1. A construction method of an intelligent network application protection system WAF model is characterized by comprising the following steps:

step A, acquiring training sample data;

step D, an integrated learning technology is adopted, and an intelligent WAF model is constructed according to the base model;

wherein the different category feature vectors include at least one of:

the proportion of the capital characters in the character string is used for judging the behavior of avoiding detection by converting the capital and the small of partial characters in the query sentence;

the proportion of space characters in the character string is used for detecting the null character attack;

the proportion of the closed truncated characters in the character string is used for detecting the inline annotation sequence and the truncated character deformation attack;

the proportion of the digital characters in the character string is used for detecting the dynamic query deformation attack;

the method comprises the following steps of (1) accounting for the preset prefix character in a character string, wherein the prefix character comprises at least one of $ #, \\ x, \ u and%;

the step C comprises the following steps:

after the step C1 and the step C2 are completed on the feature vectors of all categories of the training sample data, recording the category of the feature vector adopted by each base model training and Top-k supervised learning algorithms and cross validation results obtained when the feature vector of each category is trained; the step D comprises the following steps:

2. The method of claim 1, wherein step a comprises:

3. The method of claim 1, wherein step B comprises:

carrying out data cleaning operation on the training sample data;

4. The method according to claim 1, wherein said step D2 comprises:

and combining the obtained base classifiers by adopting a preset integration strategy of a composite pyramid model to obtain a high-level classifier, wherein different supervised learning algorithms used by the high-level classifier are processed by using the same module and comprise at least one of a training sample set acquisition module, a feature extraction module and a detection result judgment module.

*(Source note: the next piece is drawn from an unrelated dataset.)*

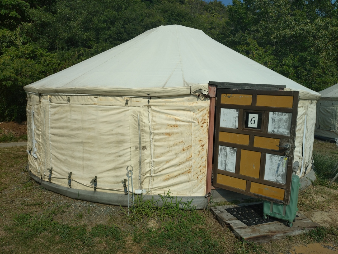 家族3人での初めての直島旅行。宿泊先を探していたとき、某有名アートホテルはちょっとお高いし…と思っていたところ、なんとゲル(中国語ではパオ)に比較的リーズナブルに泊まれる!ということで、こちらを選びました。

5. The method of claim 1, wherein after step D, the method further comprises:

and detecting network flow by using the intelligent WAF model.

6. The method according to any one of claims 1 to 5, wherein after step D, the method further comprises:

7. The method of claim 6, wherein step E comprises:

and obtaining a Web attack killing-free sample training data set.

8. The method according to claim 7, wherein the generating Web attack killing-free sample data capable of resisting the intelligent WAF model based on the obtained black samples by utilizing reinforcement learning technology comprises:

recording a reward value corresponding to the Web attack load;

9. An apparatus for constructing an intelligent web application protection system (WAF) model, comprising a processor and a memory, wherein the memory stores a computer program, and the processor is configured to call the computer program in the memory to implement the method according to any one of claims 1 to 8.